EDMUND WHITE: In an old email you point out that having a gay son has not "converted" you to the theme of homosexuality, since there is already a gay brother in The Hotel New Hampshire, and that "nonpracticing homosexual" in Owen Meany, and the gay twins in A Son of the Circus. But having a gay son, you concede, might have made you want to write In One Person next -- so that your son, Everett, could still read this book while he was young. Everett has obviously been on both our minds. In my novel, Jack Holmes & His Friend, the character Palmer is based a bit on Everett, and even shares with him a taste for the theater. One reader suggested that having a gay son was my "revenge" on my straight character, Will. I was shocked by that idea, since having a gay son scarcely seems a "revenge" on a character, especially such a handsome, exciting son. Is Everett an "ideal reader" of your book -- or do you not think in those terms?

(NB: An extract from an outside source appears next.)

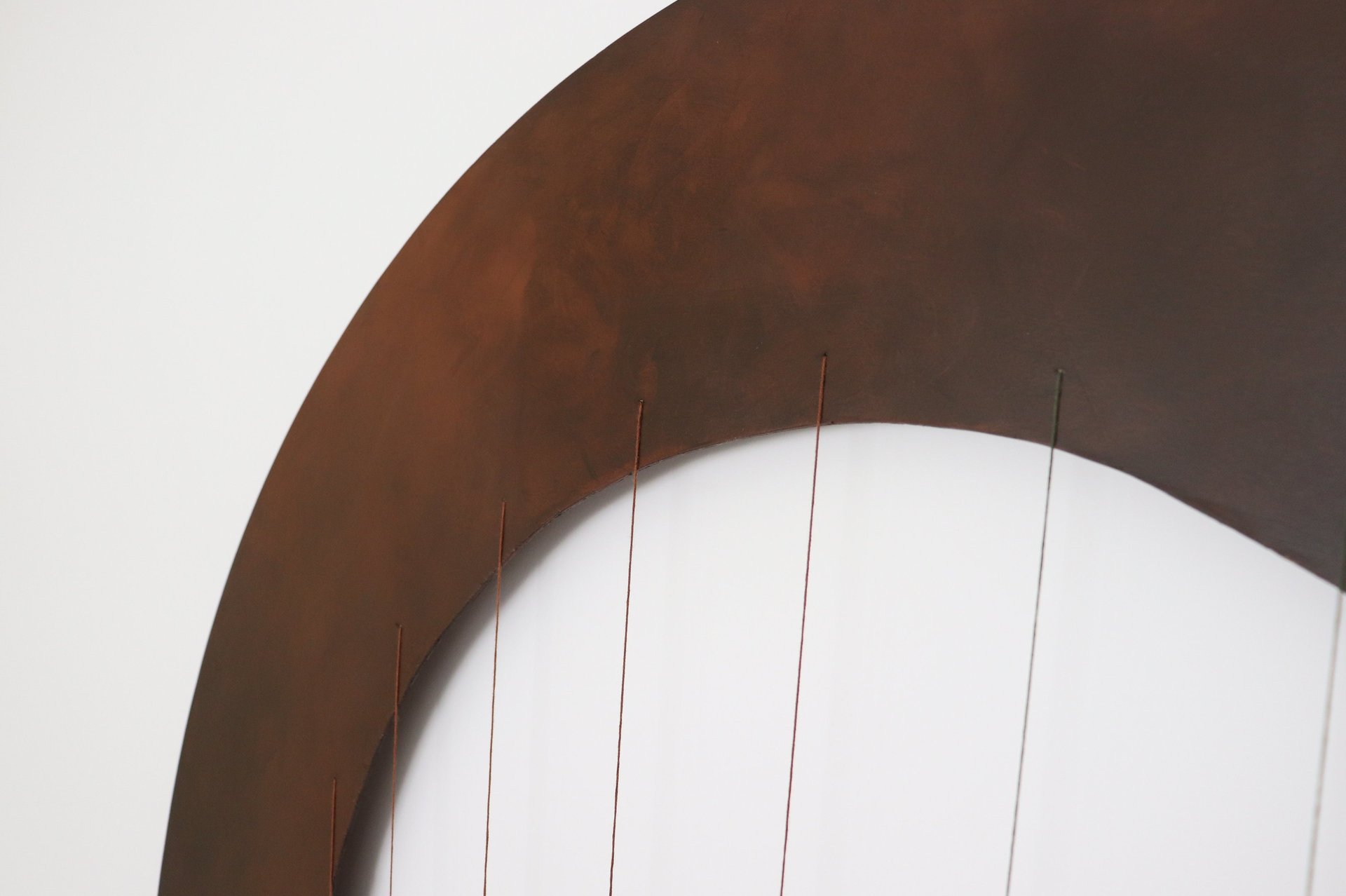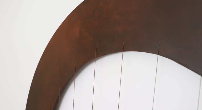 Médium: Acrylique, modeling paste et fils à broder sur un panneau de bois de merisier rond revisité par l'artiste.

JOHN IRVING: The dedication to Last Night in Twisted River reads: "For Everett -- my pioneer, my hero." And the novel before that one, Until I Find You, is also dedicated to him: "For my youngest son, Everett, who made me feel young again." When Everett told me he was gay, I told him that I loved him more for it; I knew he would have a harder time in the world because of it. I wanted him to know how very proud I am of him, and how much I love him for who he is.

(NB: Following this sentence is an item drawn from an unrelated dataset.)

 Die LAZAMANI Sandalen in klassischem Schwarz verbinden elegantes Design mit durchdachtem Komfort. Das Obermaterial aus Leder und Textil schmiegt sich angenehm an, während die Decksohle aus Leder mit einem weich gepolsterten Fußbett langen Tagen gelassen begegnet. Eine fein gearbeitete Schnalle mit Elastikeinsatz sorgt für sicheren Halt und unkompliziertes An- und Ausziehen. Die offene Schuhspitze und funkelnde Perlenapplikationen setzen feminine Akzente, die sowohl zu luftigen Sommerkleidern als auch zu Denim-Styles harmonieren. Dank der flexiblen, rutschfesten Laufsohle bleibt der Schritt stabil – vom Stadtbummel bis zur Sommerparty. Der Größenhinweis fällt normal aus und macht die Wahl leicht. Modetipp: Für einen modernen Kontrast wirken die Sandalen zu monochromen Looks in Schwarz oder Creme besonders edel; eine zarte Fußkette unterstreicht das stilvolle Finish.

But I didn't write In One Person because I have a gay son. This novel isn't about that; it's about a young bisexual man who falls in love with an older transgender woman. The bi guy, Billy Abbott, is the main character, and two transgender women are the heroes of the novel -- in the sense that these two characters are the ones my bisexual narrator most looks up to. I was taking notes on In One Person for several years before I knew Everett was gay.

Yet, as you say, having a gay son made me want to write this novel sooner rather than later; I remember wishing that Everett could read In One Person while he was still in his late teens or early twenties. However, I begin a novel on the basis of how rock-solid the ending is to me -- on the immutability of those final sentences or paragraphs. Like Cider House, like A Widow for One Year, this novel has a dialogue ending -- the repetition of a line of dialogue the reader has heard earlier in the novel, but in a different context. When Billy calls Miss Frost a "transsexual," she replies, "My dear boy, don't put a label on me -- don't make me a category before you get to know me!" That's the line Billy repeats to Kittredge's angry son at the end. I simply had to have that ending before I chose to make In One Person my next novel. No matter how much I may have wanted to write In One Person for Everett, I couldn't have forced it. I was lucky that the ending came.

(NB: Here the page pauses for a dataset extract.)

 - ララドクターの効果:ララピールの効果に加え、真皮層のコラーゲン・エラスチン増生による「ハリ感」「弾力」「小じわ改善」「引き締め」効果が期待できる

At 20, Everett's privacy should be respected. He's proud of who he is (as he should be); he loves In One Person, and he loves me. You and I shouldn't make too big a deal over Everett's connection to yet another novel by his father on the subject of sexual intolerance; in fact, this novel's relationship to several of my earlier novels is obvious -- most directly to Garp and Cider House, but also to Owen Meany. And Miss Frost (bless her heart) would definitely chide us, on the subject of Everett being gay: "Don't put a label on him -- don't make Everett a category before you get to know him!" she would say.

JI: I told Everett I was worried how some journalists will seize upon the story of my having a gay son as the only story, how they will make it a cause-and-effect tale -- the familiar laziness that believes everything in fiction is autobiographical. You know what Everett said: "Think about a kid like Billy or Gee. That kid should read this novel. In One Person would help that kid." Everett's point is that even a misguided interview with me, if it leads a young Billy to the book, is a worthwhile interview. If this is a novel I wrote for Everett, which it is, it is also a novel for kids like Billy or Gee -- the young reader who's a bisexual boy in progress, and the young transgender girl in the making.

Maybe every novel of mine was always going to be written, but there are things that make the timing of when you write a particular novel feel more urgent. Writing In One Person at this time felt more urgent because of Everett. But publishing it now also feels more necessary -- because of the persistent gay-bashing by the Republican presidential candidates. Among those self-described social conservatives in the Republican Party, the similarity between opposition to abortion and opposition to gays and lesbians is growingly obvious. The righteous condemning of women with an unwanted pregnancy, and the condemning of gays and lesbians wanting to be treated the way straight people are treated, is borne of sexual disapproval; the social conservatives want pregnant women to "pay the price" for their presumed-to-be-promiscuous sexual activity, and they want gays and lesbians to suffer accordingly. The sexual backwardness of our country has always fueled my writing, and yours -- we are a sexually repressive country, a sexually punitive country. It's a good time for you to be publishing Jack Holmes & His Friend and for me to be publishing One Person.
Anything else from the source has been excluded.